Table 1. Crystallographic data and structure refinement of [Ru₂(HNOCPh)₄(BF₄)(H₂O)]·2(acetone).

	Parameter Values a
Empirical formula	C34H38BF4N4O7Ru2
Formula mass	903.63
Temperature	123(2) K
Crystal system	Monoclinic
Space group	P21/n
a	14.412(2) Å
b	15.669(3) Å
c	16.388(3) Å
α	90°
β	93.743(2)°
γ	90°
Unit-cell volume, V	3692.7(10) Å3
Formula per unit cell, Z	4
Density, Dcalcd	1.625 g cm−3
Crystal size	0.200 × 0.170 × 0.050 mm
Absorption coefficient, μ	0.890 mm−1
θ range for data collection	2.833–27.499˚
Reflections collected/unique	8333/7421
R indices [I > 2σ(I)] b	R1 = 0.0361, wR2 = 0.0866
Goodness-of-fit on F2	1.045

^a Standard deviations in parentheses; ^b R₁ = Σ||F_o| − |F_c||/Σ|F_o|; wR₂ = [Σw(F_o² − F_c²)²/Σ(F_o²)²]^1/2.

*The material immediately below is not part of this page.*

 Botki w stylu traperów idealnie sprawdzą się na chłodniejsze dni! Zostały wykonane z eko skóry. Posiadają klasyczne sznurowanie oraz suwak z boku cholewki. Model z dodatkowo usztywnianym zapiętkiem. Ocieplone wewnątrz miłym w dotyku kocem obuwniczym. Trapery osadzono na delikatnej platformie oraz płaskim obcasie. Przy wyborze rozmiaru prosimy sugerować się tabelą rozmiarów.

) was collected for a single crystal at 123(2) K on a RIGAKU Saturn 70 CCD system equipped with Mo rotating-anode X-ray generator with monochromated Mo Kα radiation (λ = 0.71075 Å). Diffraction data were processed using CrystalClear-SM (RIGAKU). The structure was solved by direct methods (SIR-2011) and refined using the full-matrix least-squares technique (F²) with SHELXL-2014 as part of the CrystalStructure 4.2.5 software. Non-hydrogen atoms were refined with anisotropic displacement parameters, and all hydrogen atoms were located at calculated positions and refined with a riding model.

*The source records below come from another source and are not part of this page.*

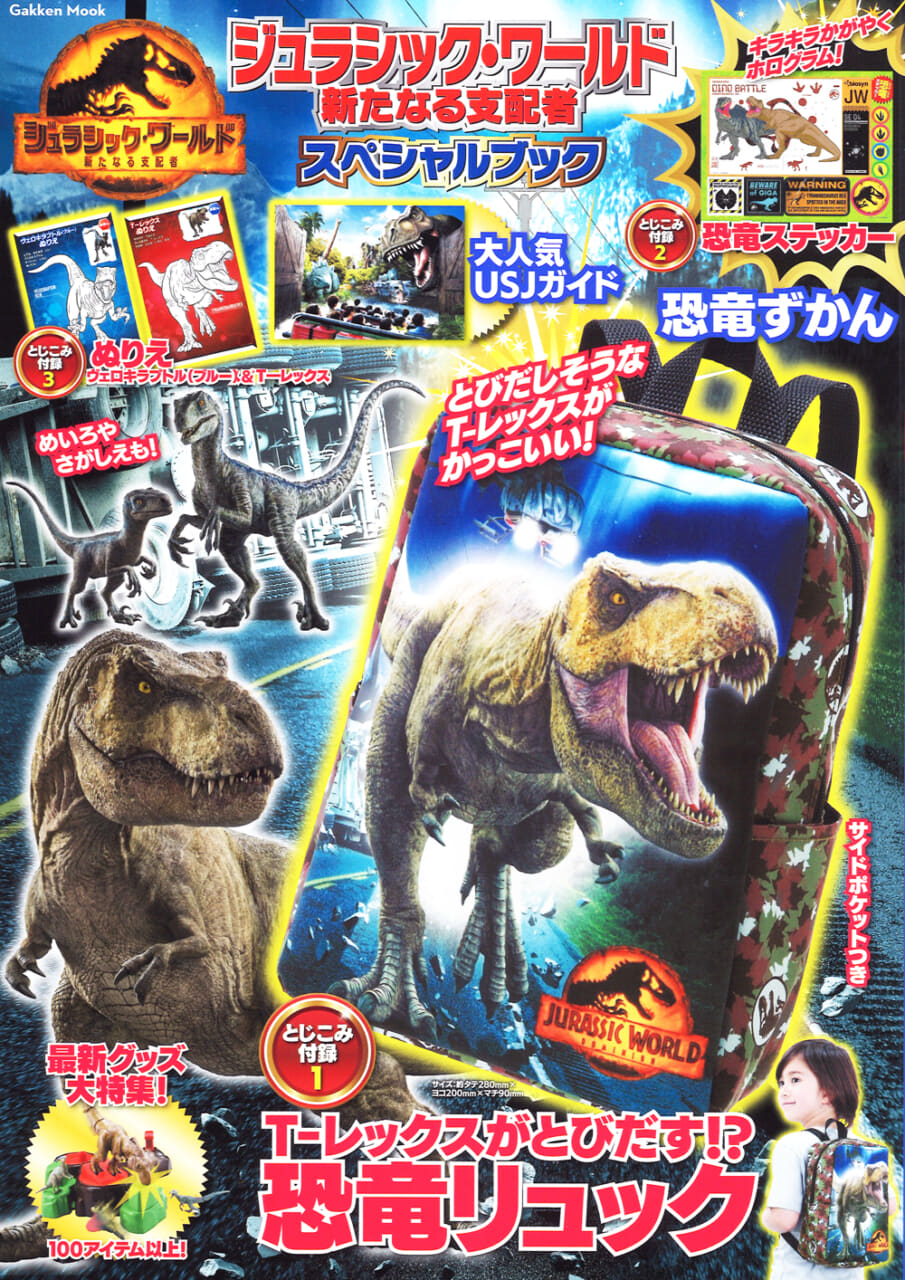 それにあわせ、T-レックスをデザインしたリュックや、ホログラムがかっこいいシールなど豪華付録つきのムックが登場しました。
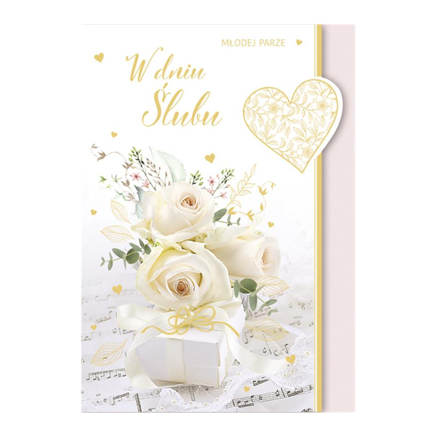 Jeśli szukasz odpowiedniego upominku ślubnego, ta kartka sprawdzi się idealnie! Biały karnet przedstawia jasnożółte róże otoczone delikatnymi listkami, złote serce oraz napis "W dniu Ślubu Młodej Parze". Wewnątrz kartki znajdują się elegancko zapisane życzenia z miejscem na własny dopisek, do zestawu dołączona jest także dopasowana kolorystycznie koperta.
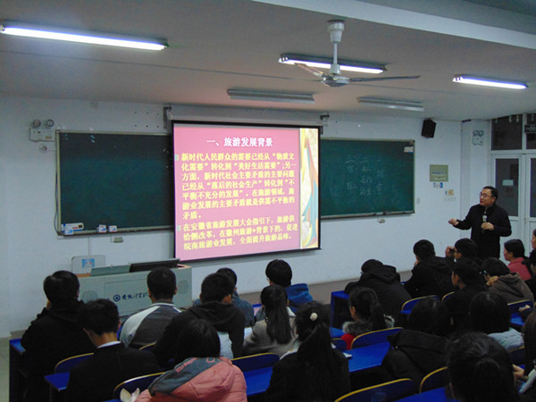 讲座从徽州的区域划分、由来及演变入手,从徽州厚重文化与徽州的历史人物,以及徽州旅游资源四个方面展开,向同学们介绍徽州历史名人、徽商、徽菜、黄山等丰富的人文和自然旅游资源,着重提到全域旅游,“旅游+”的概念,旅游+互联网,旅游+交通,旅游+教育,旅游+休闲度假,旅游+养老,旅游+养生,旅游+美丽乡村建设,旅游+创新创业,旅游+装备制造,即发挥旅游业带动作用,在创新、协调、绿色、开放、共享的新发展理念引领下,旅游要顺应人民对美好生活的向往,为努力打造加速崛起的经济强省、充满活力的文化强省、宜居宜业的生态强省做贡献,加快建设美好安徽。

CCDC-1835304 contains the supplementary crystallographic data for [Ru₂(HNOCPh)₄(BF₄)(H₂O)]·2(acetone). These data can be obtained free of charge from the Cambridge Crystallographic Data Centre via www.ccdc.cam.ac.uk/data_request/cif.

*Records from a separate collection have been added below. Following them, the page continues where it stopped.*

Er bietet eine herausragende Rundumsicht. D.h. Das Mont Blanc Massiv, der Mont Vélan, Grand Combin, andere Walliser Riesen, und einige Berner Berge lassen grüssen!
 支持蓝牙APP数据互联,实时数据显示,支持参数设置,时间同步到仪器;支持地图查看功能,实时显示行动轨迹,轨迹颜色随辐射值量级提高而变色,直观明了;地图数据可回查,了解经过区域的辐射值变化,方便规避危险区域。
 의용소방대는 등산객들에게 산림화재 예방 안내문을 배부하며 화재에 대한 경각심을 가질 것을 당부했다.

3.4. Computational Details

All density functional theory (DFT) calculations applied in this study were performed with broken symmetry (BS) uB3LYP functional with LANL08f for Ru atom and 6-31G** for other atoms. The molecular geometries of [Ru₂(HNOCPh)₄(BF₄)(H₂O)], [Ru₂(PhCONH)₄Cl₂]⁻, and [Ru₂(HNOCPh)₄]⁺ were fully optimized in the gas phase, and then the obtained optimized geometries were checked by frequency analysis. The relative energies of their diruthenium complexes with S = 3/2 and 1/2 states were compared with zero-point energies (ZPEs). The molecular orbitals of [Ru₂(HNOCPh)₄(BF₄)(H₂O)] were drawn by a GaussView program.

4. Conclusions

A lantern-type diruthenium(II,III) complex [Ru₂(HNOCPh)₄(BF₄)(H₂O)] was prepared from [Ru₂(HNOCPh)₄Cl]_n by removal of the axial chlorido-bridge using AgBF₄ in THF. The dinuclear structure axially coordinated by BF₄⁻ and H₂O was determined for the former complex by X-ray crystal structure analysis. The temperature dependent magnetic susceptibility and moment data showed that both of the complexes [Ru₂(HNOCPh)₄(BF₄)(H₂O)] and [Ru₂(HNOCPh)₄Cl]_n have a quartet ground state, the electronic structure of which, π⁴σ²δ²π*²δ*¹, was demonstrated by DFT calculations. The Ru₂⁶⁺/Ru₂⁵⁺ redox couple was observed at 1.12 V (vs. SCE) for [Ru₂(HNOCPh)₄(BF₄)(H₂O)] in dichloromethane containing Bu₄NPF₆ as electrolyte.